La nuit en nous
1980. Dans un petit village breton, un groupe d’amis
s’apprête à sortir de l’enfance. Plus unis que jamais autour de Maël, un garçon
mystérieux qui vient de s’installer au village, ils vivent leurs derniers fous
rires et leurs derniers jeux d’enfants, inspirés par Goldorak et Star Wars.
Ce qui va les faire basculer dans la gravité de
l’adolescence, le narrateur, Pierre, l’écrit des années plus tard pour son
fils, dont une amie vient de mourir. La douleur de son fils fait remonter les
souvenirs terrifiants du Bonhomme Nuit qui a semé la terreur et la mort dans
leur petit village, bien des années auparavant…
Je suis ta nuit de Loïc Le Borgne est un véritable roman d’horreur, et c’est vrai qu’il faut être prêt à un cortège d’assassinats et de mutilations parfois assez éprouvant.

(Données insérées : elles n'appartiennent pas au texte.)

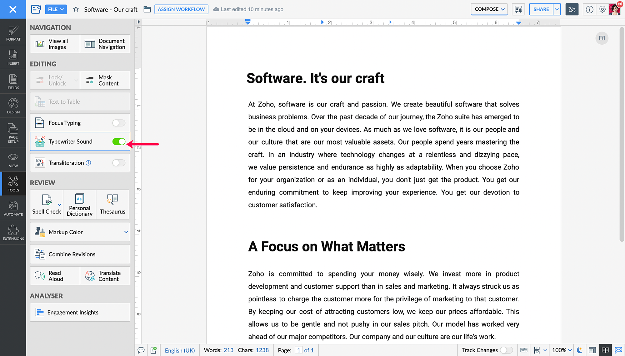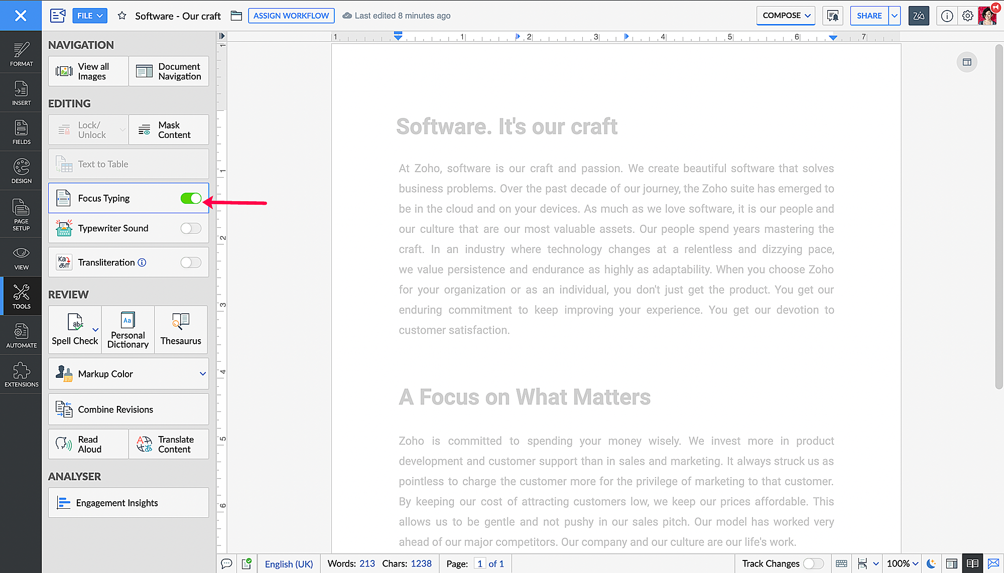 - Under Editing header, turn on the Focus Typing button. Now your entire document will look blurred. You can click on the paragraph you want to edit so that it gets highlighted and gives a better focus on the content. Once editing is done, you can disable the focus typing mode.

Angoisse face à des interventions surnaturelles, mais aussi horreur psychologique et bien réelle, laissant lorsqu’on referme le roman un sentiment particulièrement amer…
Mais il y a aussi la mélancolie cachée dessous et la reconstitution d’un petit village à l’aube des années 80, ce décor si caractéristique de nos enfances (de la mienne en tout cas) : le village ancien bâti autour de son clocher, et autour les maisons qui poussent et qui repoussent la nature, les champs, les forêts, les marais ; les retrouvailles dominicales avec les copains à la messe, avant d’aller dépenser quelques centimes en malabars ; la nouvelle mythologie amenée par la télé, où les sabres lasers remplacent les épées des chevaliers et les vaisseaux spatiaux les navires des conquérants (peut-être est-ce d’ailleurs un des sens du roman : raconter la lutte entre les personnages des légendes ancestrales _ le Bonhomme Nuit est emprunté au folklore breton _ et les nouveaux héros, Action Joe et autres Jedi) ; les longues randonnées à vélo, les kermesses avec leurs tiroirs délivrant des trésors dérisoires dans des petites boîtes « Joie d’offrir »…
Ce roman recèle aussi des scènes particulièrement poétiques en contrepoint à l’horreur, et j’ai une pensée particulière pour une scène de rencontre, entre les enfants et les pensionnaires d’un asile, d’un côté et de l’autre d’une rivière, scène de communion et de fraternité, avec le fragile salut de la seule fille du groupe, qui agite une branche d’arbre dans la lumière, pour faire voler à la surface de l’eau mille papillons dorés… Le roman accorde d’ailleurs une grande importance à ces jeux d’ombre et de lumière, seigneur de la Nuit oblige.
Après, je n’ai pas toujours été convaincue par le style de l’auteur (et j’ai trouvé la construction de la première partie un peu répétitive) ; mais je me suis laissée entraîner dans cette histoire sombre, dont on veut connaître le fin mot, et je trouve la conclusion, les dernières pages, très nostalgiques, tout à fait à la hauteur de la tension que le roman a mise en place.
On pense beaucoup au grand Meaulnes, Maël, le nouveau venu fasciné par Dark Vador, évoquant le bohémien qui vient transformer les jeux dans l’école des parents de François. Même importance des lieux, enchantés ou quotidiens. Mais cette fois les secrets sont beaucoup plus terribles qu’un amour déçu ou trahi…
Merci à Lily qui m’a prêté ce roman et avait dit là tout le bien qu’elle en pensait.
Clarabel aussi l’a lu et a frissonné.